On 9/27/06, Vivek raghunathan <vivek.raghunathan at gmail.com> wrote:
> Eddie,
>
> Here's a script without FromHost that generates an oops. This oops
> doesn't hang the machine though ...
>
> AddressInfo(MyEther 00:11:25:2D:7D:33, RemoteEther 00:11:25:47:EA:7B,
>           MyIP 10.1.1.2/8, RemoteIP 10.1.1.1/8, BroadcastAddr 10.255.255.255);
>
> FromDevice(eth0) -> SetPacketType(HOST) -> ToHost(eth0);
>
> splsrc::InfiniteSource(
> DATA \<aa bb cc dd ee ff>, LIMIT -1, STOP true);
> splsrc -> ipenc::IPEncap(222, MyIP, BroadcastAddr);
> ipenc -> ethenc::EtherEncap(0x0800, ff:ff:ff:ff:ff:ff, MyEther);
> ethenc -> q2::Queue;
> q2 -> ToDevice(eth0);
>
> -Vivek
>
>
>
> Sep 27 13:46:28 localhost kernel: [4294861.518000] Unable to handle
> kernel NULL pointer dereference at virtual address 00000000
> Sep 27 13:46:28 localhost kernel: [4294861.518000]  printing eip:
> Sep 27 13:46:28 localhost kernel: [4294861.518000] d124f881
> Sep 27 13:46:28 localhost kernel: [4294861.518000] *pde = 00000000
> Sep 27 13:46:28 localhost kernel: [4294861.518000] Oops: 0000 [#1]

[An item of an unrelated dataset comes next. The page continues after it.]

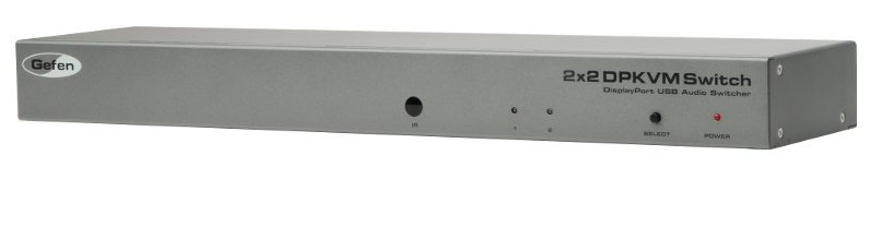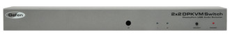 Switch between two computers (each using two graphic DisplayPort outputs) effortlessly, using the Gefen 2x2 DPKVM Switch. With the output utilizing two displays and two USB 2.0 ports, users can switch audio, video and USB for each computer. Access two computers from one workstation without having to use a network. Switch through the front panel "select" button, using the supplied IR remote control, the RS-232 serial port, or the IP control. The 2x2 DPKVM Switch is compatible with all operating systems using DisplayPort and USB.

> Sep 27 13:46:28 localhost kernel: [4294861.518000] PREEMPT
> Sep 27 13:46:28 localhost kernel: [4294861.518000] Modules linked in:
> click proclikefs rfcomm l2cap bluetooth nvram uinput ppdev radeon drm
> speedstep_centrino cpufreq_userspace cpufreq_stats freq_table
> cpufreq_powersave cpufreq_ondemand cpufreq_conservative video ibm_acpi
> container button battery ac ipv6 dm_mod md_mod lp af_packet airo_cs
> airo pcmcia joydev tsdev e100 ipw2200 mii ide_cd cdrom ieee80211
> ieee80211_crypt yenta_socket rsrc_nonstatic pcmcia_core snd_intel8x0
> snd_ac97_codec snd_ac97_bus snd_pcm_oss snd_mixer_oss snd_pcm
> snd_timer hw_random psmouse snd soundcore parport_pc parport ehci_hcd
> uhci_hcd shpchp pci_hotplug usbcore serio_raw pcspkr floppy
> snd_page_alloc rtc intel_agp agpgart evdev ext3 jbd mbcache ide_disk
> ide_generic via82cxxx trm290 triflex slc90e66 sis5513 siimage
> serverworks sc1200 rz1000 piix pdc202xx_old pdc202xx_new opti621
> ns87415 it821x hpt366 hpt34x generic cy82c693 cs5535 cs5530 cs5520
> cmd64x atiixp amd74xx alim15x3 aec62xx thermal processor fan
> Sep 27 13:46:28 localhost kernel: [4294861.518000] CPU:    0
> Sep 27 13:46:28 localhost kernel: [4294861.518000] EIP:
> 0060:[pg0+267880577/1053979648]    Not tainted VLI
> Sep 27 13:46:28 localhost kernel: [4294861.518000] EFLAGS: 00010282
> (2.6.16.13 #6)
> Sep 27 13:46:28 localhost kernel: [4294861.518000] EIP is at
> _ZN7Element4pushEiP6Packet+0x1d/0x3c [click]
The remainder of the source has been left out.